She’s going to be early, if she keeps up this speed--a whirlwind of heel and dress and blackout fear--but every ounce of calm appears to have been left back at the apartment. She’s toying with the idea of walking herself in a huge loop--maybe swinging by Owen at the cafe for a quick chat, or over to the Wingrave house, or heading straight up to Jamie’s flat and saying, “Listen, this was stupid, let’s just do things our way like always”--when she rounds the corner and finds Jamie already waiting at the garden entrance.
“Oh,” she hears herself say. “You’re here.”
“Thought you’d be early,” Jamie says easily.
“So you decided to show up even earlier. Touché.” Early--and looking like... “You look...”
“Different,” Jamie supplies with a grin just this side of self-conscious. “Tryin’ something new, you might say. To go along with the whole...starting over thing.”
Something different, in this case, means a dress. She’s never seen Jamie in a dress before--this one tight enough to impress without restricting Jamie’s movements, all done in shades of burgundy--or stockings, or earrings beyond small silver pieces designed to stay out of her way. She’s never seen Jamie with lipstick, with her hair wound atop her head, with effort of this caliber put in, and suddenly, Dani is glad they’re starting from scratch. There’s something perfectly glorious about getting to give Jamie this kind of do-over.
“Too much?” Jamie is hunching a little, hands behind her back, looking as though she isn’t entirely sure she’s called this game correctly. Dani swallows.
“Perfect, I think. So, um. What’re we doin’?”
“I,” Jamie says, perking up, “am going to show you a secret.”
It seems like the worst idea in the world, all of it, right until the moment Dani appears from around the corner. Right until Dani--looking somewhat unreal, like someone plucked the version she’d felt uneasy being from the faculty party and the version she’d felt uneasy leaning into from her date the other night, and located a perfect middle ground somewhere in between--turned up with that unbelievably bright smile on her face.
Everything’s the greatest choice she’s ever made, with Dani looking at her that way. Never has Jamie made a better decision.

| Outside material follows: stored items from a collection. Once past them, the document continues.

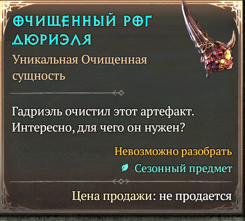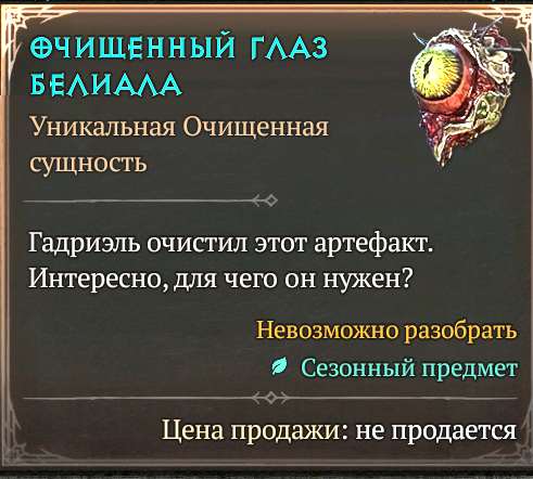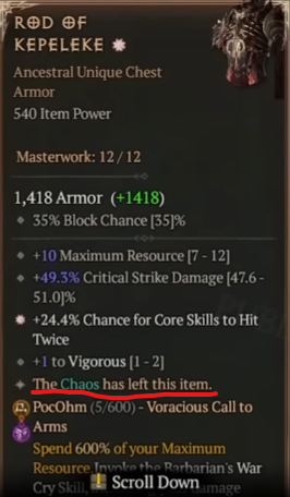 Далее идут уникальные, мифические и появившиеся только в этом сезоне хаотические вещи. Уникальные вещи отличаются изначально заданным набором аффиксов, которые могут случайно рандомизироваться только в количественном плане (если допускается случайное значение, к примеру, 20-40%) и уникальным аффиксом, который нельзя извлечь. Как и у всех в этой группе дополнительных аффиксов им выдать нельзя, а заточка доступна сразу. У самых редких, мифических вещей, даже числовой разброс параметров отсутствует. Ну а хаотические вещи - это по сути такие же уникальные, но принимающие облик другого предмета, к примеру, уникальный посох может иметь вид шлема и вставляться в соответствующий слот. К тому же, эффективность уникального аспекта в таких вещах всегда максимальная и превышает максимум обычной уникальной вещи примерно на 25%.
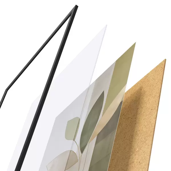 Das Poster besteht aus einem Rahmen, Plexiglas, einem gedruckten Bild und einer Rückwand aus Spanplatten. Dank der Halterungen auf der Rückseite kann das Poster sofort an die Wand gehängt werden.
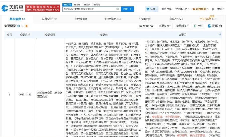 近日,天眼查显示,东方甄选(北京)科技有限公司发生了工商变更。孙东旭卸任法定代表人、执行董事、经理等职务,由俞敏洪接任,并担任董事。值得关注的是,东方甄选公司经营范围新增餐饮管理、外卖递送服务、餐饮服务等。
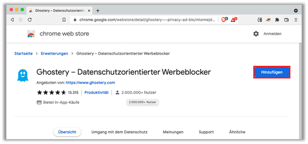 - Nutzen Sie folgenden Link um «Ghostery» Add-On zu installieren:
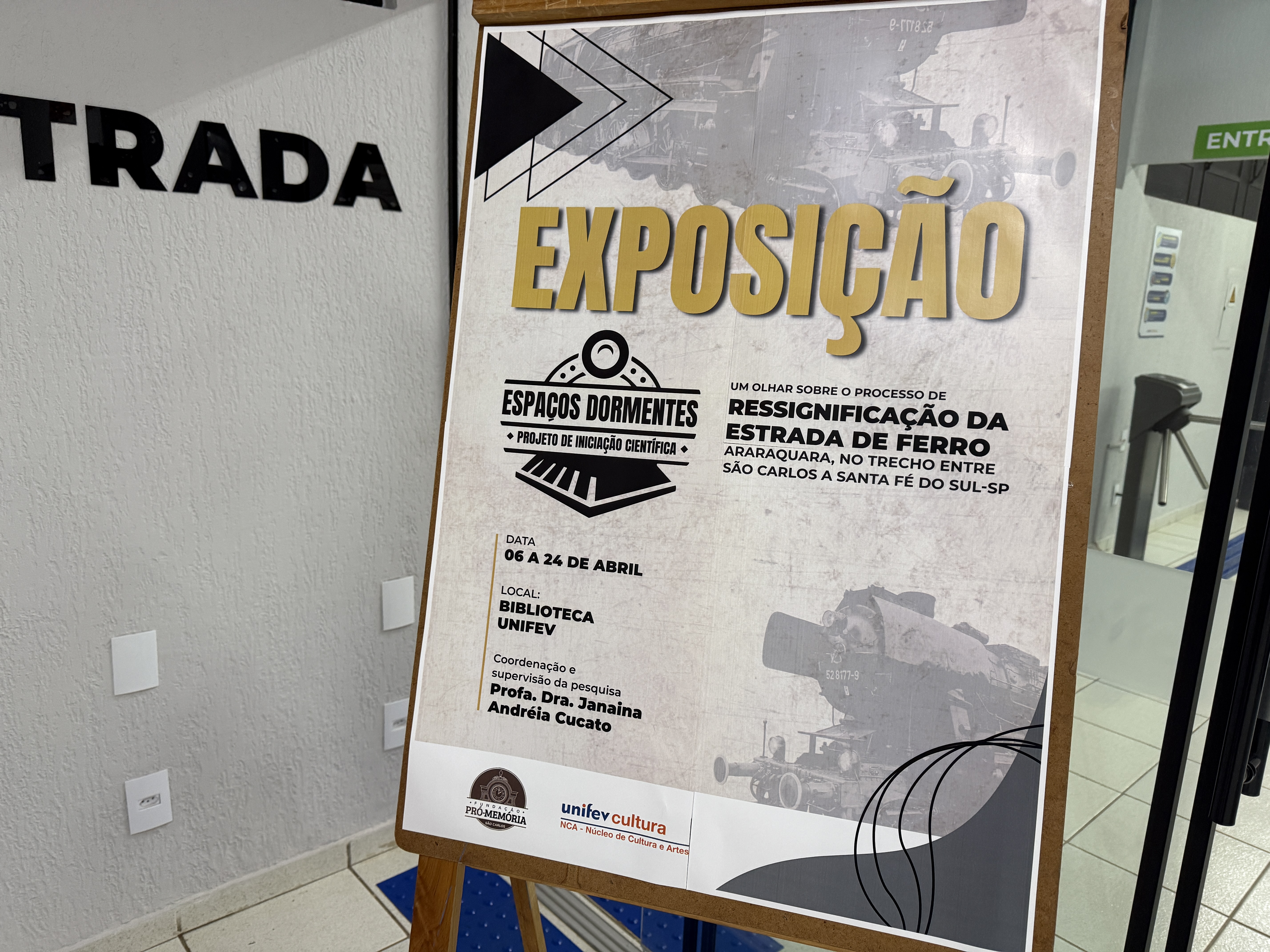A comunidade acadêmica e o público em geral têm a oportunidade de conferir, até o dia 24 de abril, a exposição “Espaços Dormentes – um olhar sobre o processo de ressignificação da Estrada de Ferro Araraquara”. Instalada no espaço de convivência da Biblioteca do Câmpus Centro Unifev, a mostra apresenta o resultado de uma extensa pesquisa idealizada pela Profa. Dra. Janaina Andréa Cucato e executada em conjunto com estudantes de Arquitetura e Urbanismo da Instituição, que investigaram o trecho ferroviário entre São Carlos e Santa Fé do Sul.
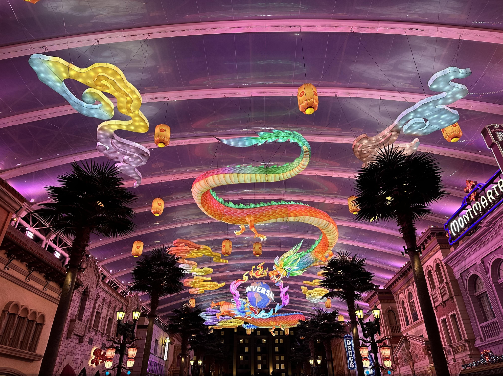 1月27日,北京环球度假区“环球中国年”主题活动正式开启。喜庆的节日装置、全新的演出以及龙年元素的周边产品,为游客带来浓浓的中国年气氛。
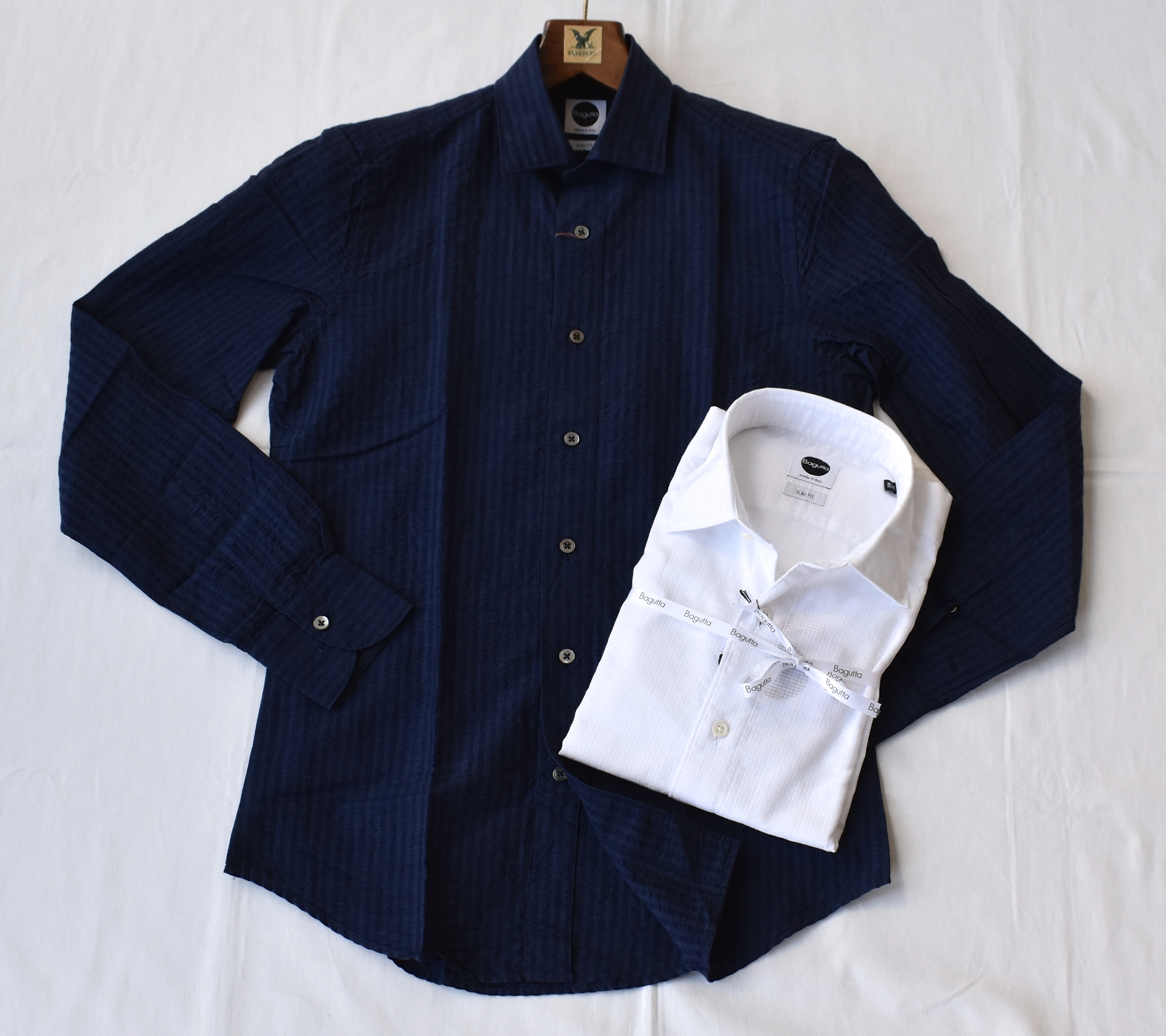 ラストです。ネイビー×インディゴのシアサッカーストライプは、価格こそ10,000円ではありませんが、クールな1枚に違いありません。また、うっすらと織り感のあるドビークロスは、さり気ない変化を狙うのにお勧めです。こちらは大特価の10,000円でご提案です。
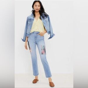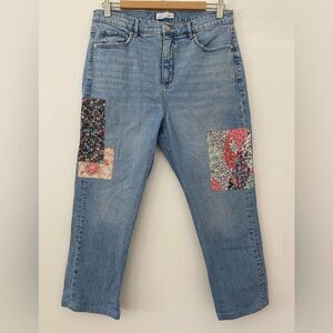 The straight leg Crop Light Blue Patchwork Jean Size 10 Soft girl Clean girl
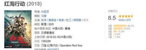 电影《红海行动》目前正在热映中,这种军事题材的电影是第一次在贺岁档电影中出现,不过这种题材的电影期待值还是很高的。上映首日,在排片逆势的情况下,《红海行动》凭炸裂口碑获观众青睐,首日票房破亿!截止大年
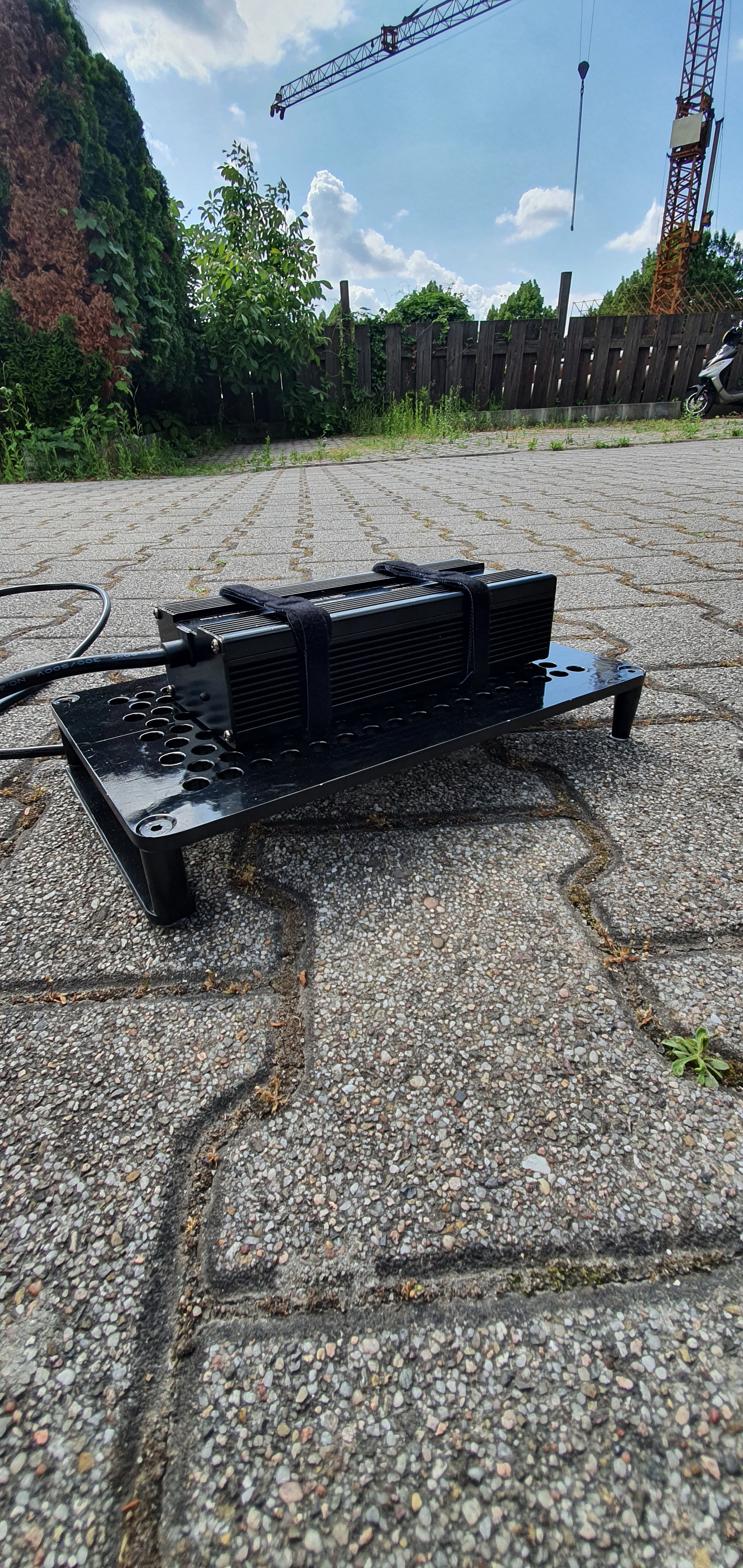 So, fertig. Aufbauhöhe incl. Aluplatte und Winkel zur Wärmeableitung sowie ausreichend Platz für die Luftzirkulation 8cm.
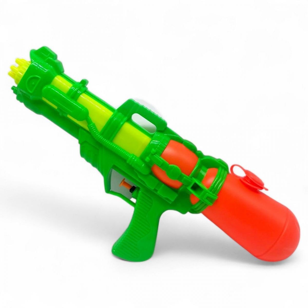 Водяна зброя, щоб намочити кожного хто стане на твоєму шляху! - але краще не попадати в обличчя. В серії присутні різні забарвлення. Має затичку, щоб зручно набирати воду. Розмір пістолета - 37 х 17 см. Виготовлений з легкого пластику. Рекомендовано для діток від 4 років.
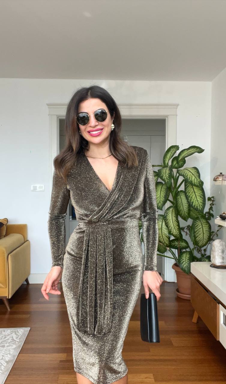 With its eye-catching khaki color and shimmering texture, this dress will make you the center of attention in any setting! Its silhouette, which delicately highlights the body's curves, offers both elegance and comfort. The long sleeves and tie detail at the waist provide a sophisticated look, making it a piece that can be worn in any season.
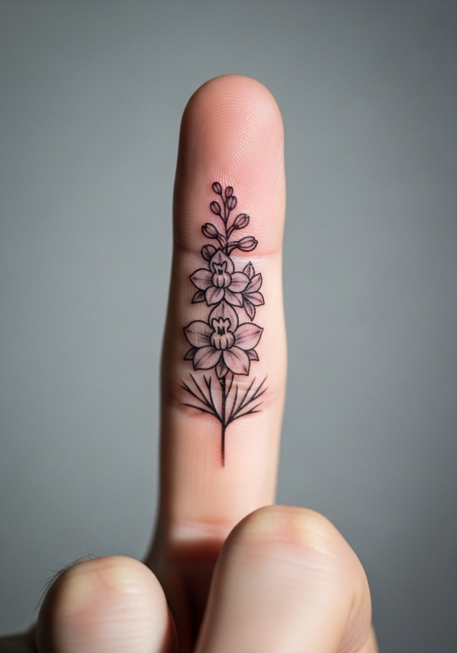 Finger tattoos are tempting, but plan for touch-ups. I have observed finger work fading faster because of constant washing and friction. A tiny stack of larkspur across the finger joints looks delicate. Pain is bright and quick. Sessions are short, 15 to 30 minutes, but you will likely need a touch-up at one year. Ask the artist for slightly thicker stem lines and avoid ultra-fine petal veins. If you want longevity, place the design on the side of the finger rather than the pad. I recommend hydrocolloid bandages for small tattoos while they seal. Hydrocolloid bandages for small tattoos

Never has she felt more at home in her entire life.
Out of your fuckin’ mind, she reminds herself--and so what? Dani’s looking at her like some kind of gorgeous dream set here in the fresh shadow of evening, and so what if it makes Jamie feel more than a little crazy, to be standing here with barriers torn down?
“A secret,” Dani says now, looking a little perplexed. “What kind of secret is in a public garden?”
“You’ll see.” She’s done a lot over the years, led a lot of women into a lot of spaces, but no one has ever come here. This is Jamie’s--public or not, it’s the first place she ever felt completely safe--and to bring anyone else past these walls had simply never occurred to her.
“See,” she says, gesturing Dani through the gate, “the thing about a place like this is, everybody’s got their expectation. They come for the roses, or for the sunflowers, or for the fuckin’ daisies. But even a place like this has little hidden spots. Places nobody but the gardeners think to explore.”
The urge to take Dani by the hand is strong; not seeing her all week, not having touched her since that awkward Sunday morning with Dani asking what she wanted to choose, has been driving her up the wall. Still, she resists. You do the thing properly, she insists, which means not falling back on old habits just yet. It means giving Dani space to decide if this version of Jamie--as much as, or more than, the one who laughed in the face of feelings and truly believed a body was all that needed to be shared--is worth her time.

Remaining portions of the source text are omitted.